§ **Information given**
^^^^^^^^^^^^^^^^
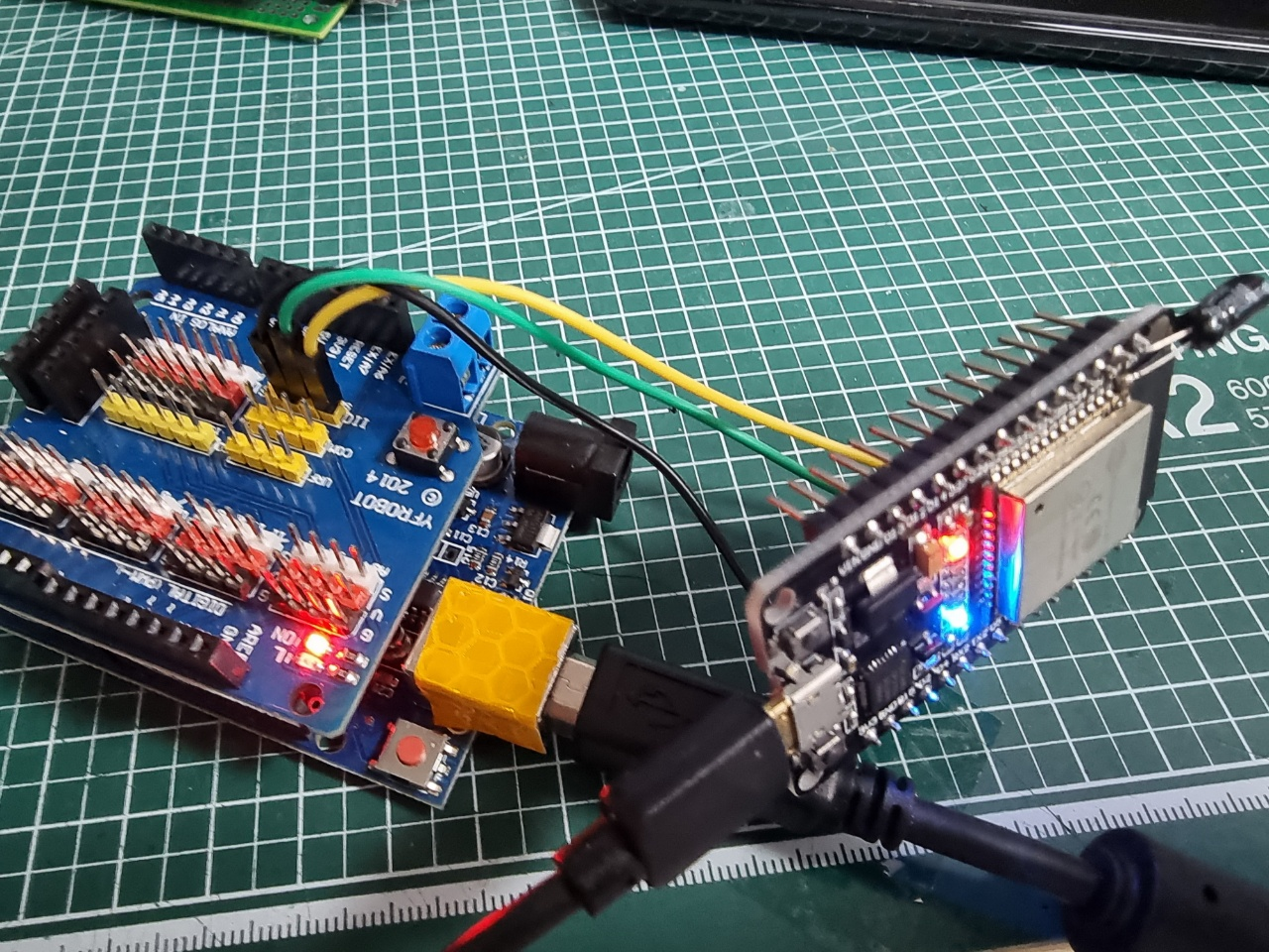 ESP32 <-> 아두이노가 I2C 로 연결된 상태에서 동작을 확인할 수 있다.
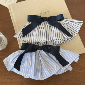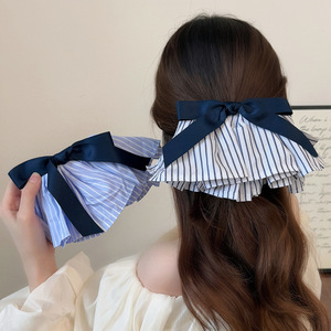 韩系学院清新蓝白条纹弹簧夹蝴蝶结条纹裙摆发夹高级感后脑勺发卡
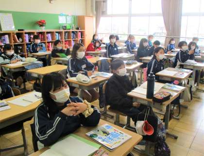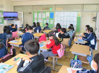 5年生の理科の授業です。「天気と情報」の単元です。今日は、天気の変化について、観測の方法について学んでいます。みんな一生懸命取り組んでいます。
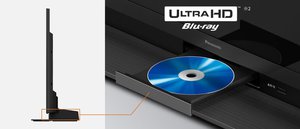 スタンド部分に2TB HDDと4K Ultra HD ブルーレイ再生に対応したディスクレコーダーを備えた一体型モデル。レコーダーをテレビと一体化したことで、容易な設置とリモコンやUIのシンプル化による直感的な操作を実現したと同社は説明している。
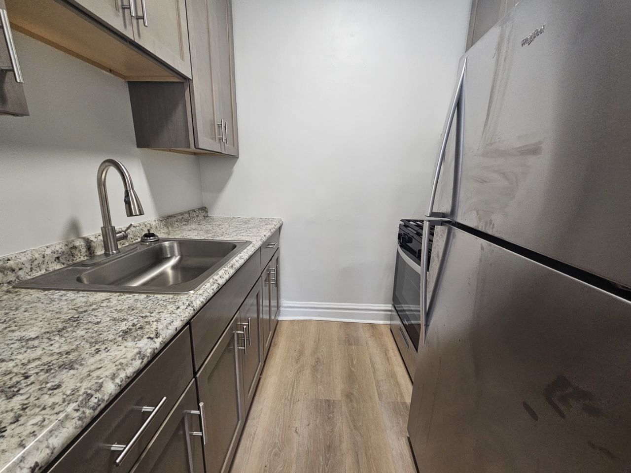 Fully Renovated Studio Apartment in Albany Park. This beautifully rehabbed studio features a brand-new kitchen outfitted with modern cabinets and appliances, freshly sanded hardwood floors that shine with character, a completely updated bathroom with stylish finishes and separate kitchen with room for a table. The tenant is responsible for electric and gas, which covers both heating and cooking. Hot water is included in the rent. Ideally located in the heart of Albany Park, you're just a short stroll from Kimball Station on the Brown Line-offering easy access to everything the city has to offer. Application fee is $40 per adult. Move-in costs include a $300 fee per adult and first month's rent, both due upon lease signing. Laundry facilities are conveniently located two blocks away at Albany Park Wash & Dry Coin Laundry, located at 3516 W Lawrence Ave.
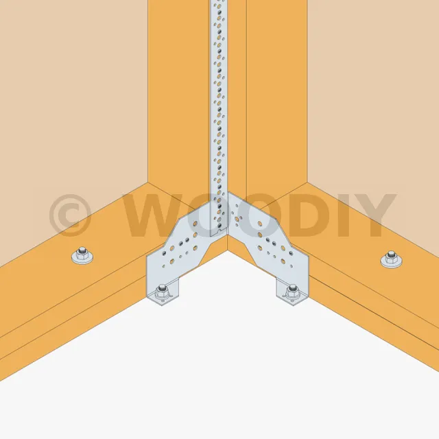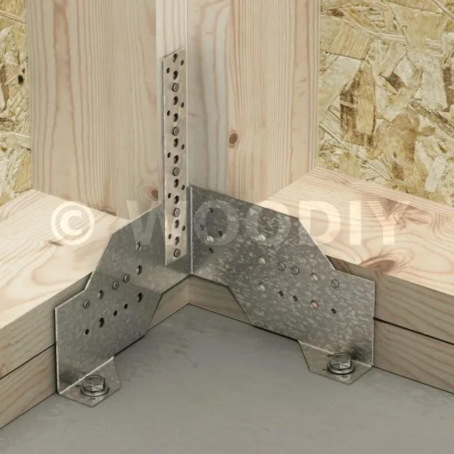 Le connecteur pour panneau bois FCC assure la liaison de murs d‘ossature sur dalle béton. Les trous de pointes et de boulons permettent d‘adapter la fixation en fonction des configurations. Cette référence peut éventuellement être associée à un feuillard perforé type FP30 à fixer sur les montants.
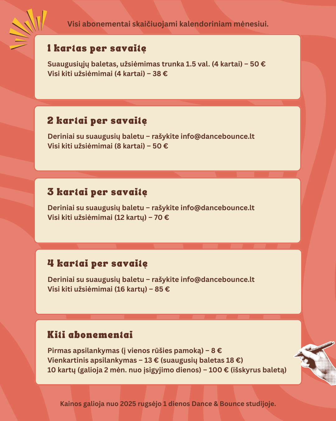 Jei neatvykstate į pirmą treniruotę, kita bandomoji treniruotė (į tą patį užsiėmimą, kurį registravotės) į baletą 18 eur, į kitus užsiėmimus 13 eur (nusprendus įsigyti abonementą, šis mokestis taip pat įsiskaičiuotų į pasirinkto abonemento kainą).
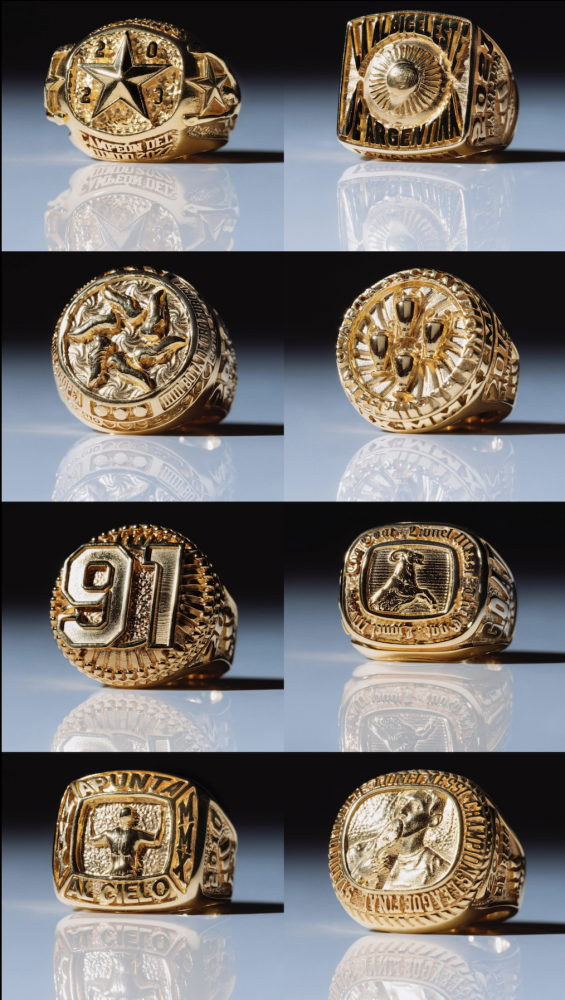 Detalle de los 8 anillos que Adidas Football le entregó a Leo Messi por su Octavo Balón de Oro y con botines, frases, e iconografía Argentina que ejemplifican sus logros, copas y orígenes.
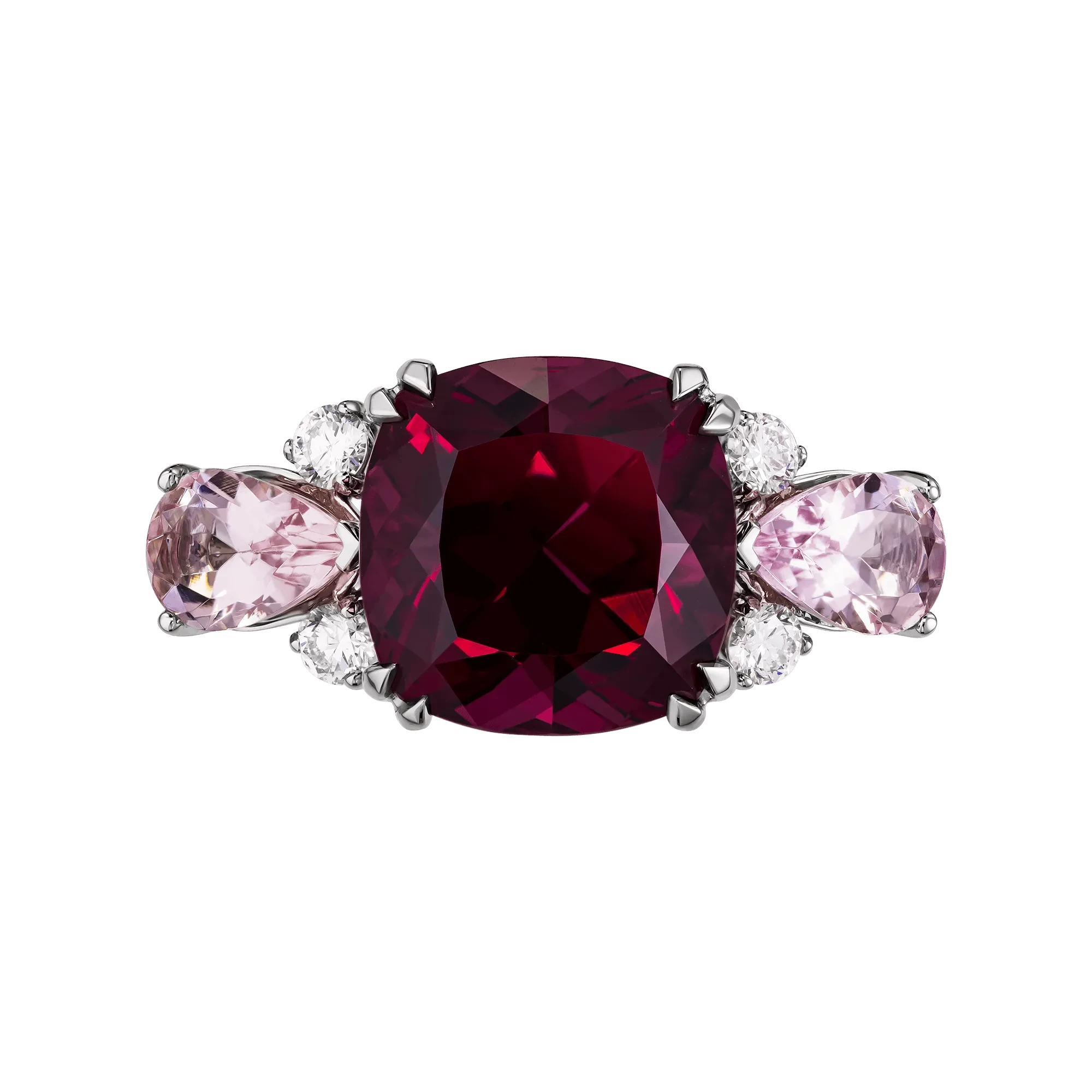 Родолит из Танзании весом 5,14 карата окружён тонким венцом из розовых морганитов и бриллиантов, чьё мерцание напоминает лёгкую росу на лепестках. Холодный блеск платины служит изящным фоном, позволяя природному камню зазвучать особенно многогранно – словно отблеск летнего вечера, когда всё вокруг дышит гармонией.
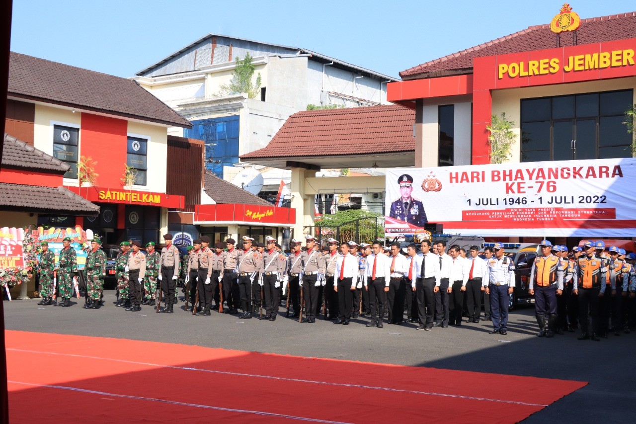 Tak lupa pula Polres Jember mengikuti upacara HUT BHAYANGKARA ke – 76 yang digelar secara Nasional dan bertemakan “Polri yang presisi mendukung pemulihan ekonomi dan reformasi struktural untuk mewujudkan Indonesia tangguh Indonesia tumbuh.”
^^^^^^^^^^^^^^^^
§ **Required action**
For this exercise, write out the listing verbatim and leave every image out.

§ **Answer below**
 ESP32 <-> 아두이노가 I2C 로 연결된 상태에서 동작을 확인할 수 있다.
 韩系学院清新蓝白条纹弹簧夹蝴蝶结条纹裙摆发夹高级感后脑勺发卡
 5年生の理科の授業です。「天気と情報」の単元です。今日は、天気の変化について、観測の方法について学んでいます。みんな一生懸命取り組んでいます。
 スタンド部分に2TB HDDと4K Ultra HD ブルーレイ再生に対応したディスクレコーダーを備えた一体型モデル。レコーダーをテレビと一体化したことで、容易な設置とリモコンやUIのシンプル化による直感的な操作を実現したと同社は説明している。
 Fully Renovated Studio Apartment in Albany Park. This beautifully rehabbed studio features a brand-new kitchen outfitted with modern cabinets and appliances, freshly sanded hardwood floors that shine with character, a completely updated bathroom with stylish finishes and separate kitchen with room for a table. The tenant is responsible for electric and gas, which covers both heating and cooking. Hot water is included in the rent. Ideally located in the heart of Albany Park, you're just a short stroll from Kimball Station on the Brown Line-offering easy access to everything the city has to offer. Application fee is $40 per adult. Move-in costs include a $300 fee per adult and first month's rent, both due upon lease signing. Laundry facilities are conveniently located two blocks away at Albany Park Wash & Dry Coin Laundry, located at 3516 W Lawrence Ave.
 Le connecteur pour panneau bois FCC assure la liaison de murs d‘ossature sur dalle béton. Les trous de pointes et de boulons permettent d‘adapter la fixation en fonction des configurations. Cette référence peut éventuellement être associée à un feuillard perforé type FP30 à fixer sur les montants.
 Jei neatvykstate į pirmą treniruotę, kita bandomoji treniruotė (į tą patį užsiėmimą, kurį registravotės) į baletą 18 eur, į kitus užsiėmimus 13 eur (nusprendus įsigyti abonementą, šis mokestis taip pat įsiskaičiuotų į pasirinkto abonemento kainą).
 Detalle de los 8 anillos que Adidas Football le entregó a Leo Messi por su Octavo Balón de Oro y con botines, frases, e iconografía Argentina que ejemplifican sus logros, copas y orígenes.
 Родолит из Танзании весом 5,14 карата окружён тонким венцом из розовых морганитов и бриллиантов, чьё мерцание напоминает лёгкую росу на лепестках. Холодный блеск платины служит изящным фоном, позволяя природному камню зазвучать особенно многогранно – словно отблеск летнего вечера, когда всё вокруг дышит гармонией.
 Tak lupa pula Polres Jember mengikuti upacara HUT BHAYANGKARA ke – 76 yang digelar secara Nasional dan bertemakan “Polri yang presisi mendukung pemulihan ekonomi dan reformasi struktural untuk mewujudkan Indonesia tangguh Indonesia tumbuh.”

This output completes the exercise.